## Matrices and spectra satisfying the Newton inequalities.(English)Zbl 1189.15009

A sequence of real numbers $$(c_n)_{n \geq 1}$$ is called a Newton sequence if $$c_k^2 - c_{k - 1} c_{k + 1} \geq 0$$ for every $$k \geq 1$$ (considering that $$c_0 = 1$$).
If $$A$$ is a matrix of order $$n$$ with eigenvalues $$\{ \lambda_1, \lambda_2, \dots , \lambda_n \}$$ then we define
$S_k (A) = \sum_{1 \leq j_1 < \dots < j_k \leq n} \lambda_{j_1} \lambda_{j_2} \dots \lambda_{j_k}$
and
$c_k (A) = \frac{1}{{n \choose k}} S_k (A).$
These numbers $$c_k(A)$$ are called the Newton coefficients of the matrix.

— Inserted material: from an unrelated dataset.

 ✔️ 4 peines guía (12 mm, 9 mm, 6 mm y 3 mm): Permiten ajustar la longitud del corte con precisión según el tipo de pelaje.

A matrix $$A$$ is called a Newton matrix (and its spectrum a Newton spectrum) if the Newton coefficients are real and form a Newton sequence. It is known that if all eigenvalues of a matrix are real then the matrix is a Newton matrix. The authors discuss possible Newton matrices with complex eigenvalues.

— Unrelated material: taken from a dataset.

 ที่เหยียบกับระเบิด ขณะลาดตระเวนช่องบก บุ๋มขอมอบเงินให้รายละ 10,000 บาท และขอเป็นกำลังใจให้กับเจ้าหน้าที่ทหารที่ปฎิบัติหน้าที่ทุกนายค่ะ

First, in Section 2, all such matrices of order 2, 3 and 4 are completely characterized. Section 3 is concerned with some general properties: similarity invariance of the property, the fact that $$A$$ is a Newton matrix if and only if $$\alpha A$$ is for every real $$\alpha$$, the fact that an invertible matrix $$A$$ is a Newton matrix if and only if its inverse is a Newton matrix and that $$A$$ is a Newton matrix if and only if $$A \oplus 0$$ is a Newton matrix.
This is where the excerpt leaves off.